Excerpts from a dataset
════════

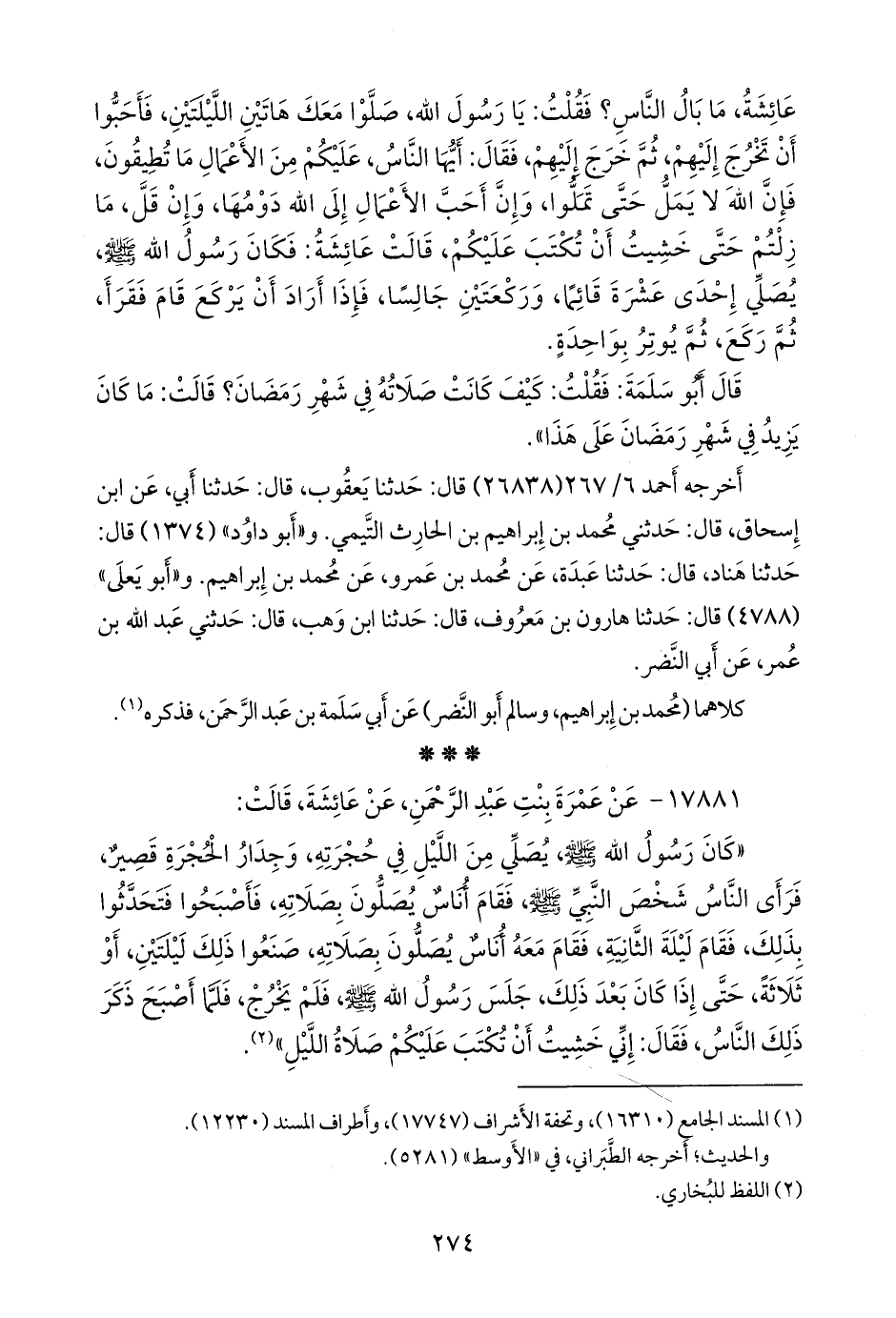 ١٧٨٨١ - عن عَمرَة بنت عبد الرَّحمَن، عن عائشة، قالت:
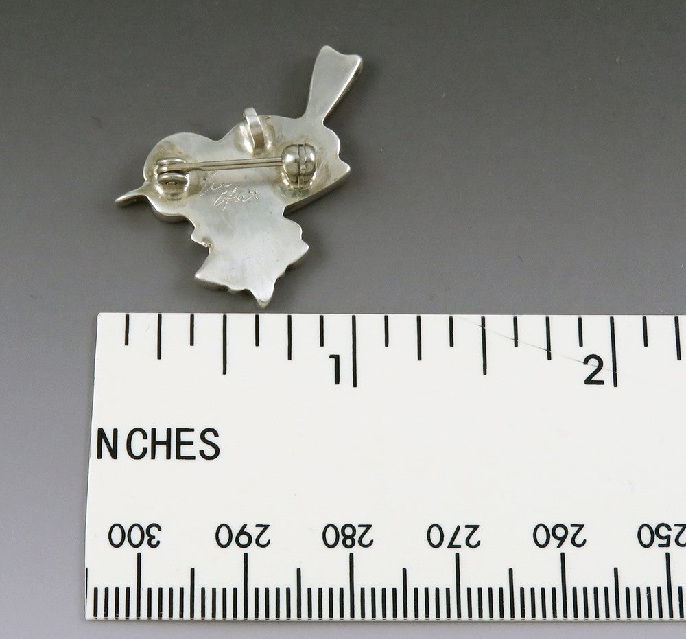 Sweet Eva Etsate Native American Zuni Sterling Silver MOP Bird Dove Pin Pendant
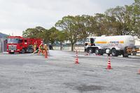 タンクローリー横転を想定 高圧ガス火災の消火訓練 20社から120人参加
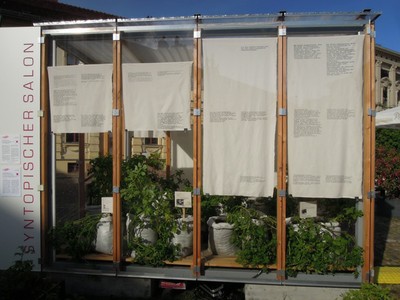 Die Installation "A POTATO PERSPECTIVE" der Künstlerin Åsa Sonjasdotter fand in Zusammenarbeit mit dem Prinzessinnengarten in Berlin und im Austausch mit dem Haus der Brandenburgisch-Preußischen Geschichte in Potsdam statt. Für zwei Wochen ist der Syntopische Salon ein Gewächshaus für acht verschiedene Kartoffelsorten. Thema des Projekts sind Formen landwirtschaftlicher Monokultur, die ein Ungleichgewicht der Ökosysteme verursachen, und dazu führen, dass unzählige regional spezifische Pflanzensorten nicht mehr angebaut werden. Anhand der Kartoffel und ihres ursprünglichen Sortenreichtums zeigt die Künstlerin Hintergründe für diesen Verlust an Vielfalt. Foto © Michaela Rotsch
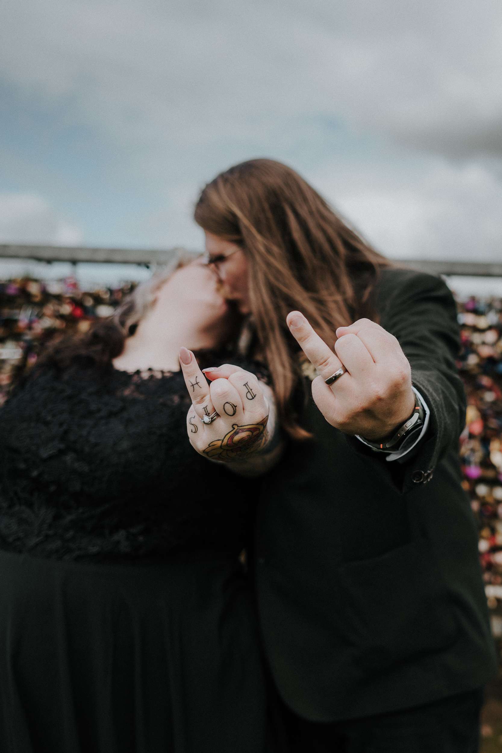 Planning had its challenges, mainly letting go of the original vision. Laura had imagined wearing the Zelda skirt from Lucy Can’t Dance with one of their lace tops for the Edinburgh wedding. “I couldn’t justify it in my head for just a ceremony and a meal”, she said. “Having to change the wedding and bring it forward was a big challenge. But, in the end, we learned that bigger doesn’t always mean better. I don’t like how its normal to get yourself into debt to have ‘the dream wedding’. Most big weddings are all the same anyway.”
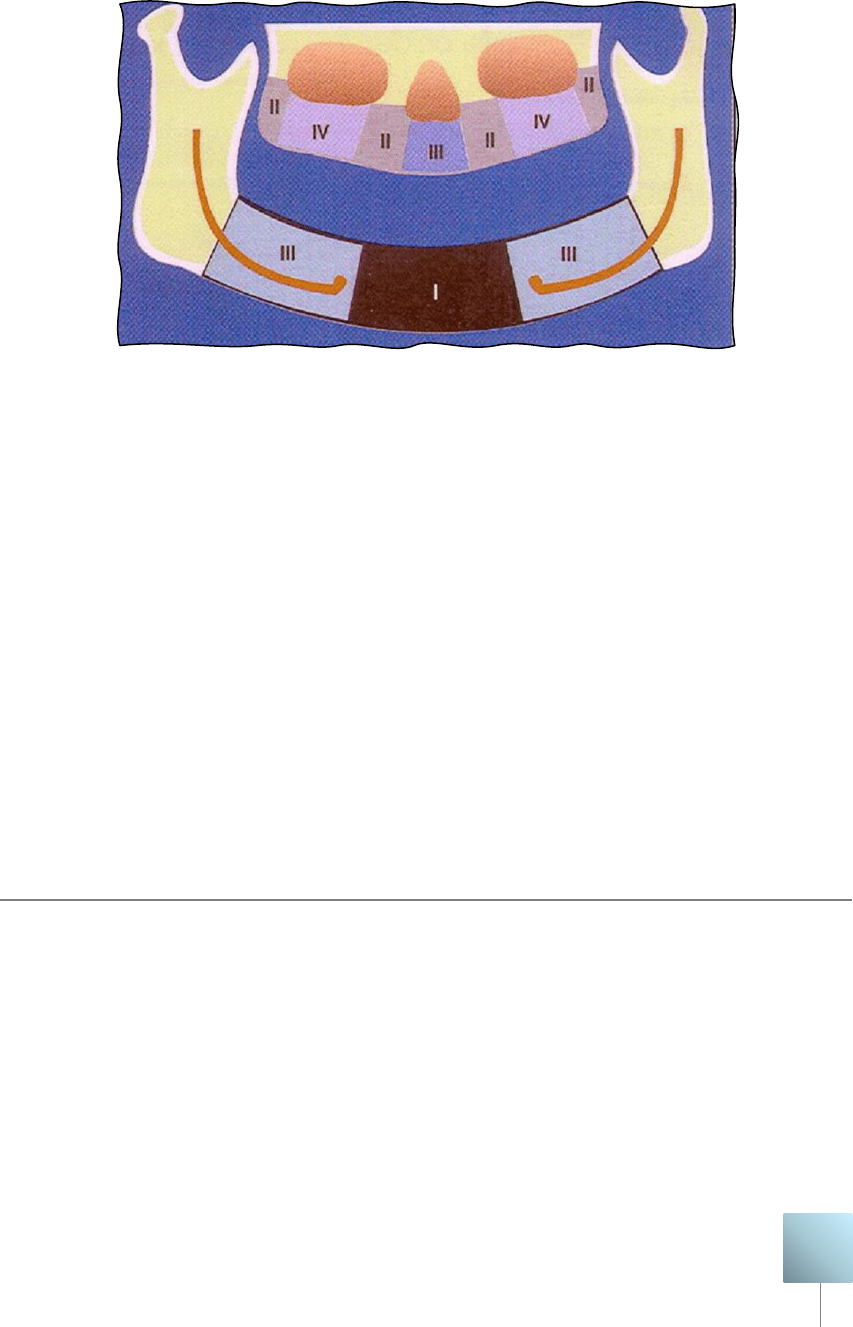 Por: Maria Clara Pires- Odontologia Uninovafapi 1 Anatomia aplicada a Implantodontia O meio da implantodontia possui vários fatores importantes para um implante adequado. A densidade óssea é um fator crítico, pois influencia diretamente na estabilidade primária dos implantes dentários, na osseointegração e na longevidade do tratamento. Ossos mais densos→ Tipo I e II oferecem maior resistência mecânica e melhor suporte inicial ao implante, reduzindo o risco de micro movimentação e falha precoce. Ossos menos densos→ Tipos III e IV apresentam menor resistência e podem exigir técnicas auxiliares, como fresagem menos agressiva, uso de implantes com maior rosca ou enxertos ósseos. A avaliação da densidade óssea é essencial para planejar a técnica cirúrgica e o tipo de implante adequado, garantindo maior previsibilidade e sucesso clínico. DENSIDADE ÓSSEA MAXILA ANTERIOR→ D2 e D3 MAXILA POSTERIOR→ D3 e D4 MANDÍBULA ANTERIOR→ D1 e D2 MANDÍBULA POSTERIOR→D2 e D3 ANATOMIA GERAL DOS MAXILARES O maxilar é um osso frágil e poroso, que é classificado como osso pneumático por existir uma ampla cavidade, preenchida por ar, na parte central do seu corpo, e é toda revestida pela membrana de Schneider, ou membrana do seio maxilar. Por: Maria Clara Pires- Odontologia Uninovafapi 2 Durante a colocação de implantes, é importante garantir que essa membrana se mantenha integra. Ao perder dentes, é inevitável a reabsorção desse osso, já que a função de um alvéolo dental é alojar a raiz do dente, então quando o elemento é perdido o osso que o sustentava começa seu processo de reabsorção. OBS: A densidade máxima apresentada no seio maxilar é a tipo II. OBS: O uso de prótese móvel (muco-suportada) acelera a reabsorção, já que irá depositar a carga mastigatória na mucosa e no osso. Pelo fato da reabsorção maxilar se dar de forma centrípeta, muitas vezes o alvéolo desparece e fica apenas a parede palatina. ANATOMIA DA MANDÍBULA A mandíbula é um osso extremamente denso, ímpar, irregular e móvel. A movimentação desse osso está diretamente ligada a oclusão dental. A oclusão possui um encaixe o qual permite uma adequada realização das funções, sem sobrecarregar as estruturas dentais e a ATM. Na confecção da prótese sobre implante, é necessário que ela fique justa, e tenha apenas uma pequena folga nas cúspides, caso contrário, quebrará a cerâmica e o implante. A importância da ATM na oclusão da prótese sobre implante, é garantir que o paciente não tenha uma oclusão rígida. Por: Maria Clara Pires- Odontologia Uninovafapi 3 As áreas de protuberância mentual e tubérculos mentuais são as de mais densidade óssea. Por esse motivo, quando é preciso de uma boa área doadora de osso, essa é a região de escolha. Normalmente, os ápices das raízes do primeiro e do segundo molar ficam dentro das fossas submandibulares, o que implica em um cuidado redobrado nessa região para não atingir a glândula submandibular com a broca. Já na região anterior da mandíbula, deve-se estar atento a glândula sublingual durante o descolamento do tecido mole. Por meio de uma tomografia, é possível analisar a proximidade e a relação das raízes dos molares em relação a fossa submandibular. Através disso, se traça um plano de execução para o implante, de forma que ele não atinja as glândulas. Com a realização de exames, é preciso estar atento também ao nível de altura óssea. Na tomografia é possível perceber a distância até o canal alveolar. Caso uma broca atinja o canal alveolar, ela corre o risco de lesar o nervo (levando a parestesia) e a artéria alveolar (levando a hemorragia). No caso de uma hemorragia, utiliza-se medidas para contornar a hemorragia, como tamponamento e uso de vasoconstritores. A parestesia pode ser parcial ou total, e temporária ou permanente. OBS: Radiografias periapicais dão uma ideia da distância e altura óssea, mas não são valores exatos. Mudança de posição→ As estruturas de uma maxila atrófica, devido a perda de dentes, mudam de posição. O forame infraorbitário e a espinha nasal ficam mais Mobile User Por: Maria Clara Pires- Odontologia Uninovafapi 4 perto da boca, devido a reabsorção óssea. O mesmo ocorre com o posicionamento do forame mentual na mandíbula. VASCULARIZAÇÃO E INERVAÇÃO O nervo alveolar inferior (3) faz uma curva (2) no forame mentual, e o nervo incisivo (1) segue seu caminho na porção anterior. A curva está na altura do segundo pré-molar, e, por esse motivo, é preciso cuidado para não atingir o nevo. PADRÃO DE REABSORÇÃO Na maxila, o padrão de reabsorção é: • 25% da largura de rebordo após 1 ano • 40% a 60% nos 3 anos subsequentes Figura 1- Artéria e veia palatina descendente e nervo palatino anterior (palatino maior) Figura 2- Nervo nasopalatino Por: Maria Clara Pires- Odontologia Uninovafapi 5 TRATAMENTO DA REGIÃO POSTERIOR SUPERIOR • Instalação posterior ao seio maxilar • Instalação sob o seio maxilar Diâmetro convencional: 3,75 mm a 4 mm Diâmetro amplo: 5 a 6 mm • Levantamento do seio maxilar Instalação imediata do implante Instalação de implante posterior Na parede lateral do seio, com uma broca esférica, é aberta uma janela até observar uma superfície óssea azulada, significando que está próximo a entrada do seio maxilar. Logo acima, faz-se um sulco com a broca sem perfurar o comprimento, transformando a janela lateral, no assoalho do seio, e deslocando a membrana sinusal. Após isso, é feita a reconstrução da área com enxerto ósseo ou biomaterial, e, depois, os implantes já instalados. OBS: O tamanho da abertura da janela depende da quantidade de implantes e do nível de perda óssea. Contraindicações → Cisto de retenção mucoso, sinusite, e exodontia recente com exposição do seio maxilar (prévio a cirurgia). ZIGOMÁTICO Existe uma técnica cirúrgica chamada Técnica de Fixação Zigomáti
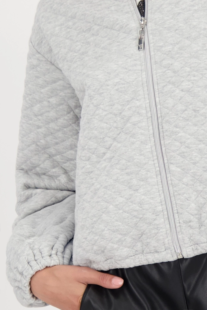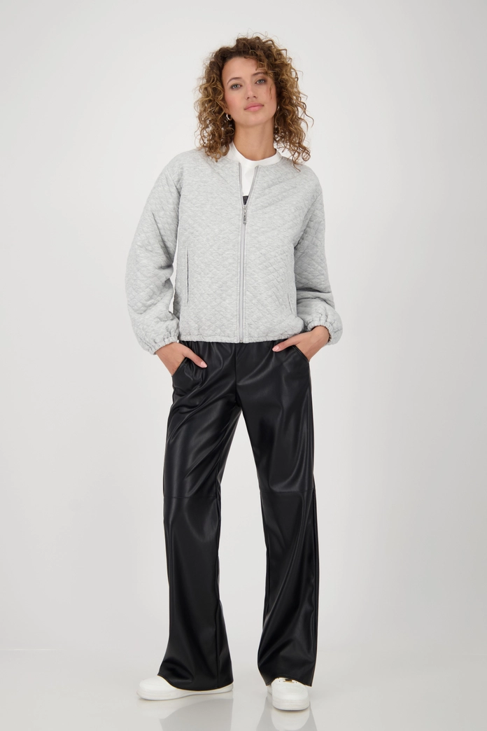 Moderná prešívaná bunda z padavej viskózy s elastickým materiálom, okrúhlym výstrihom a praktickými vreckami pre štýlový vzhľad.
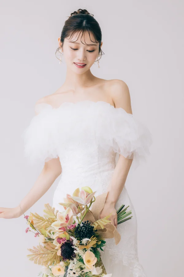 スタジオ撮影ならではの作り込まれた光に加えて、丁寧な色調補正でさらに美しく仕上げます。
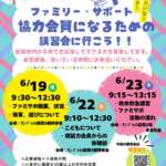 2026年4月9日 / 最終更新日 : 2026年4月9日 座間社協スタッフ イベント情報 ファミリー・サポート事業「協力会員になるための講習会」を開催します。 R8・6月 講習会 チラシ 座間市社会福祉協議会では、「子育てを応援して欲しい人」と「子育てを応援したい人」が、地域の中で育児の相互援助活動を行う会員登録制のファミリー・サポート事業に取り組んでいます。 このファミリー […]
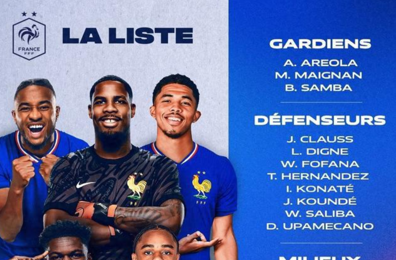 法国队新一期名单:姆巴佩、坎特缺席,恩昆库、登贝莱在列

════════

In the entries above, find the line that contains "タンクローリー横転を想定 高圧ガス火災の消火訓練 20社から120人参加", then repeat exactly every line from the first one through that line, with no pictures.

 ١٧٨٨١ - عن عَمرَة بنت عبد الرَّحمَن، عن عائشة، قالت:
 Sweet Eva Etsate Native American Zuni Sterling Silver MOP Bird Dove Pin Pendant
 タンクローリー横転を想定 高圧ガス火災の消火訓練 20社から120人参加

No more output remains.